Date: Tue, 30 Mar 2010 20:35:28 -0500
Message-ID: <4BB2A6E0.5010504@gmail.com>
References: <dead81ad1003301007h4015ac57x99f36d232bb705b6@mail.gmail.com>
Mime-Version: 1.0
Content-Type: text/plain; charset=ISO-8859-1; format=flowed
Content-Transfer-Encoding: 7bit
Return-path: <linux-raid-owner@vger.kernel.org>
In-Reply-To: <dead81ad1003301007h4015ac57x99f36d232bb705b6@mail.gmail.com>
Sender: linux-raid-owner@vger.kernel.org
To: Jim Duchek <jim.duchek@gmail.com>
Cc: linux-raid@vger.kernel.org
List-Id: linux-raid.ids

Jim Duchek wrote:
> Hi all.  Regularly after a large write to the disk (untarring a very
> large file, etc), my RAID5 will 'freeze' for a period of time --
> perhaps around a minute.  My system is completely responsive otherwise
> during this time, with the exception of anything that is attempting to
> read or write from the array -- it's as if any file descriptors simply
> block.  Nothing disk/raid-related is written to the logs during this
> time.  The array is mounted as /home -- so an awful lot of things
> completely freeze during this time (web browser, any video that is
> running, etc).  The disks don't seem to be actually accessed during
> this time (I can't hear them, and the disk access light stays off),
> and it's not as if it's just reading slowly -- it's not reading at
> all.   Array performance is completely normal before and after the
> freeze and simply non-existent during it.  The root disk (which is on
> a seperate disk entirely from the RAID) runs fine during this time, as
> does everything else (network, video card, etc -- as long it doesn't
> touch the array) -- for example, a Terminal window open is still
> responsive during the freeze, and 'ls /' would work fine, while 'ls
> /home' would block until the 'freeze' is over.
> 
> Some more detailed information on my setup attached.  It's pretty
> vanilla.  Unfortunately this started around the time four things
> happened -- a kernel upgrade to 2.6.32, upgrading my filesystems to
> ext4, replacing a disk gone bad in the RAID, and a video card change.

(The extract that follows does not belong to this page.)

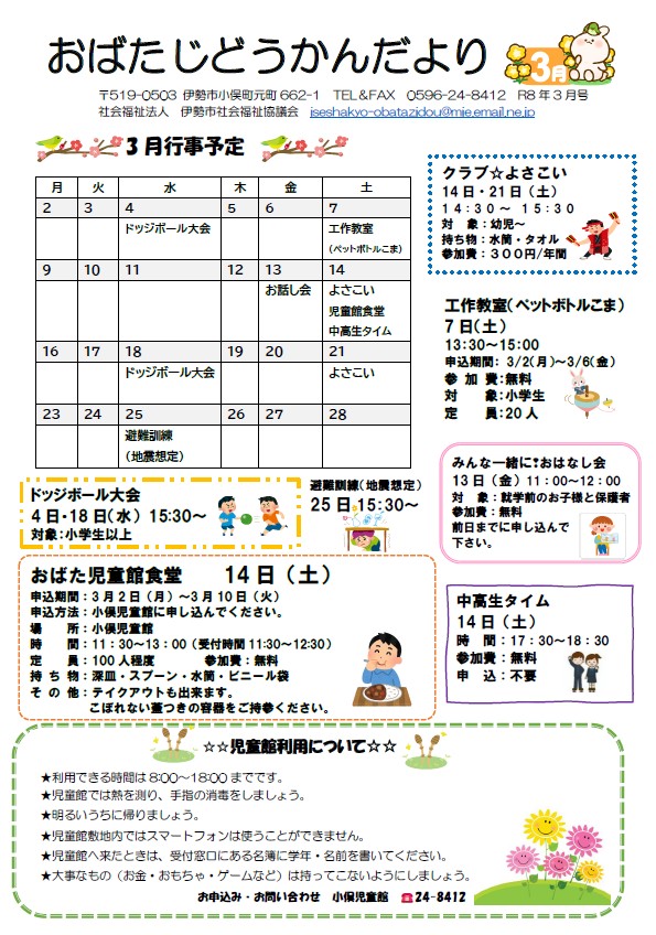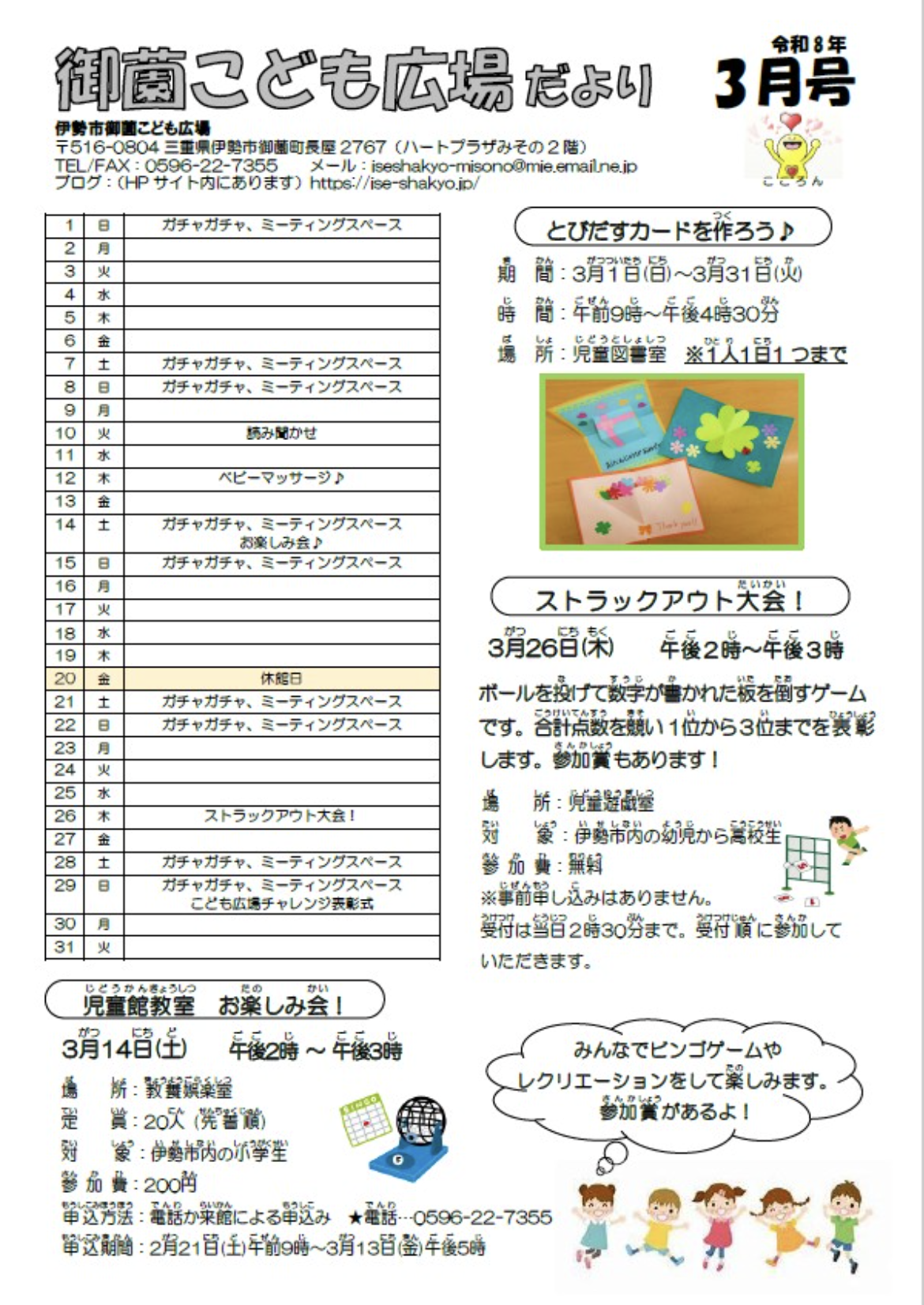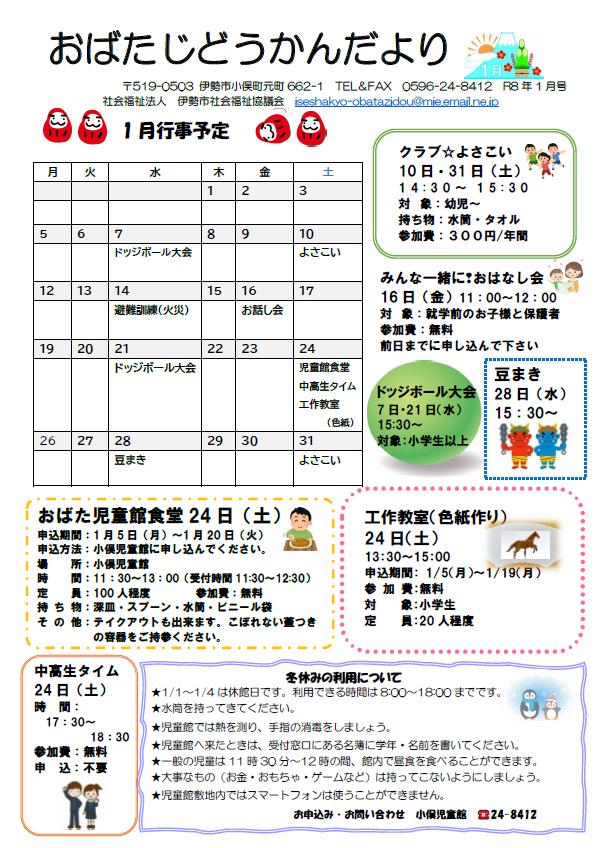 小俣児童館でのイベントを掲載しています。皆さんご参加くださいね。

> I would assume one of these is the culprit, but you know what they say
> about 'assume'.  I cannot reproduce the problem reliably, but it
> happens a couple times a day.  My questions are these:
> 
> 1. Is there any way to turn on more detailed logging for the RAID
> system in the kernel?  The wiki or a google search makes no mention I
> can find, and mdadm doesn't put anything out during this time.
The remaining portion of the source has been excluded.